An annual survey isn't enough. What informal methods do you have of gaining feedback? At the Beryl Companies, we have monthly chat n' chews in which 12 people from different teams join us with the sole purpose for us to ask them, "How's it going?" That's enough to get a great conversation started. We also have an intranet site called "Ask Paul" that allows people to send me anonymous questions. My commitment is to publish my answer to the whole company within 24 hours. While I like the strategic questions, I'm just as likely to get a question about the broken toaster in the kitchen. That bothered me at first, but then I realized that a key to getting the most out of employees is to address what matters to them. It may be different than what I would typically find to be important, but if it is important to employees, I must listen.
2. Make something happen
Asking for feedback is only one third of the battle. If you ask, you better be accountable and be prepared to assign resources to the project. At Beryl Companies, we identify the five lowest-scoring questions from our annual survey. Then we split our leaders and managers (about 70 in all) into five cross-functional groups, and each is assigned a question. Each team must do further research into what's behind the low score (through, for instance, informal focus groups), come up with an actionable plan, execute on the plan, and market the results to the rest of the company. Along the way, I find the teams take on ownership, build stronger relationships, and get to see measurable results.
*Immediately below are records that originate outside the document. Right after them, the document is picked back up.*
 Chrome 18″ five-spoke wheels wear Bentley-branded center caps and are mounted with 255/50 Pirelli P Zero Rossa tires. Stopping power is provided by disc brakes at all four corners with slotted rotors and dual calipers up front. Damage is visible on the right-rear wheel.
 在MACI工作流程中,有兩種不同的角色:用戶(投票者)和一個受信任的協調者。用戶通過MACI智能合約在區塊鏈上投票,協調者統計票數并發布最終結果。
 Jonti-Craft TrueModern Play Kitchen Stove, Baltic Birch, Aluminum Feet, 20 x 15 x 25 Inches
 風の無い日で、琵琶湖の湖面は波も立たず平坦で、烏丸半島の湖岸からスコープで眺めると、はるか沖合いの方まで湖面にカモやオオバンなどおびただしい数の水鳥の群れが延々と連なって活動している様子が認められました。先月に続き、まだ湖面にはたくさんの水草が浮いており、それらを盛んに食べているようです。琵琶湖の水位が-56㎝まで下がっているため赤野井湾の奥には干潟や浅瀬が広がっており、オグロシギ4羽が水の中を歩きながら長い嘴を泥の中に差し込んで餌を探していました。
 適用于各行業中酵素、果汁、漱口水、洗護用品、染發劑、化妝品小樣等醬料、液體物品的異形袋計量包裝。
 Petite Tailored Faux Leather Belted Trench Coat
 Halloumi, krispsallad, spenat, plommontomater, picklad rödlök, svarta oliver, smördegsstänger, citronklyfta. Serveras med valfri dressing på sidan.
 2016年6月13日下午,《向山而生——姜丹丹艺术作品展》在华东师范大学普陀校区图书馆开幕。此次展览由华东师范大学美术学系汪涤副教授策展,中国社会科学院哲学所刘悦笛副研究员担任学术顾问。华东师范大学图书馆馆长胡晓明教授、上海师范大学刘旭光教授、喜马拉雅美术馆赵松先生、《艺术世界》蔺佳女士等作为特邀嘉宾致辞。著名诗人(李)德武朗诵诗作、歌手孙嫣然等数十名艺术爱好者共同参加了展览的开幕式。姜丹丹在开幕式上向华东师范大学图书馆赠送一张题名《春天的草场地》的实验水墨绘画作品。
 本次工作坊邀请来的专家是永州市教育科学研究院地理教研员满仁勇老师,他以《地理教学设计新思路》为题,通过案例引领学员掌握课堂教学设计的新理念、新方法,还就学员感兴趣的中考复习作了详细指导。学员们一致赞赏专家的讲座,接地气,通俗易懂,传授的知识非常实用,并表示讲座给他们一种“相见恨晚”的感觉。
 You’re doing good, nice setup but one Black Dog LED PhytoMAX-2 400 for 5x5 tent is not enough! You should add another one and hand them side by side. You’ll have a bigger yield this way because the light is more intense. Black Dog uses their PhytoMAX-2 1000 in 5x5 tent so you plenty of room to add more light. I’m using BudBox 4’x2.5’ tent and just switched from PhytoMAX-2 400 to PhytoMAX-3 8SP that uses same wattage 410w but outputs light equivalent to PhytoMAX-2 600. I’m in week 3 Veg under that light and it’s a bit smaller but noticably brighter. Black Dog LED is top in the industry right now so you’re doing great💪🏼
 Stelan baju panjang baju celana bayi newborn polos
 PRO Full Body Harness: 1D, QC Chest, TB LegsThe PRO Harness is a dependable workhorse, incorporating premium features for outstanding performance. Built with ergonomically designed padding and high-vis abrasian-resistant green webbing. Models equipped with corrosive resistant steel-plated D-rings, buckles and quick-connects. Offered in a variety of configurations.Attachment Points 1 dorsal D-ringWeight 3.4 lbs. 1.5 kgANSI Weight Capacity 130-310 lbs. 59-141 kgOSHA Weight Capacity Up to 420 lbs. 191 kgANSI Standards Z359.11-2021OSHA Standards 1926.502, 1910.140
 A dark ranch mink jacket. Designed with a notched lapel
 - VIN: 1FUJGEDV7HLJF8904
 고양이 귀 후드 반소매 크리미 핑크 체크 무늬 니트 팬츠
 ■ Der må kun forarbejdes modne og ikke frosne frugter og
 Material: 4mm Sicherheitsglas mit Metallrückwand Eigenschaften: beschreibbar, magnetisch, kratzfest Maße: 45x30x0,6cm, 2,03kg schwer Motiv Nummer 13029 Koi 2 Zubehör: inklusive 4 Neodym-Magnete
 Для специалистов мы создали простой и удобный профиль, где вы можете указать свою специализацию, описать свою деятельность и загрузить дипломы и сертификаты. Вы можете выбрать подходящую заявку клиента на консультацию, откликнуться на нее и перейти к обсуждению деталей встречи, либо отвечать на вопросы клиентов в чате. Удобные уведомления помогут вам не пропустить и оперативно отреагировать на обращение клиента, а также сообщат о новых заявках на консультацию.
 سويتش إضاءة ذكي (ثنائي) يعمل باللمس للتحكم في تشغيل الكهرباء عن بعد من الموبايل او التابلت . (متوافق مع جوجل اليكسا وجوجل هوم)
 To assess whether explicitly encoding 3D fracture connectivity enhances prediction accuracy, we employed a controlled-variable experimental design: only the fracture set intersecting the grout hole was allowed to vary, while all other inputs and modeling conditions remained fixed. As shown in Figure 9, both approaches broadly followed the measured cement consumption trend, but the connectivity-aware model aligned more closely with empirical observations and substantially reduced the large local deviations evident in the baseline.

3. Get credit for what you've done
One of the questions on our annual survey is, "Please rate how well we listened to your comments from last year and implemented positive change." For several years I was surprised that that question received one of our lowest scores. The management team and I got defensive and started putting together long lists of things we accomplished to try to prove that we were really listening. Then we realized we were simply doing a bad job at communicating the changes we made. So we created an ongoing internal branding campaign to make sure that everyone knew about the steps we took in response, how they tied back to the survey, and how employees were already benefitting. Voila! Scores giving us credit for improving things went way up.
4. Take it personally…with a grain of salt
I can't help it. I still focus on the negative comments when I read employee surveys. But after a day passes, I realize that a) I probably know who wrote them, b) they just don't understand or c) they are making really valuable points I should pay attention to. Don't forget, when critical comments come in from employees, whether they're right or wrong, the employees cared enough to share their ideas with you. Sure, you'll have some complainers who can't stand the blue carpet, but even the most caustic of comments might have value. Don't be afraid to liberally salt those survey responses as you consume them for the good of your company.
I have found my people are telling me exactly what I need to know to make our company better. You too can open your ears, follow their tips, and your employees will do the rest.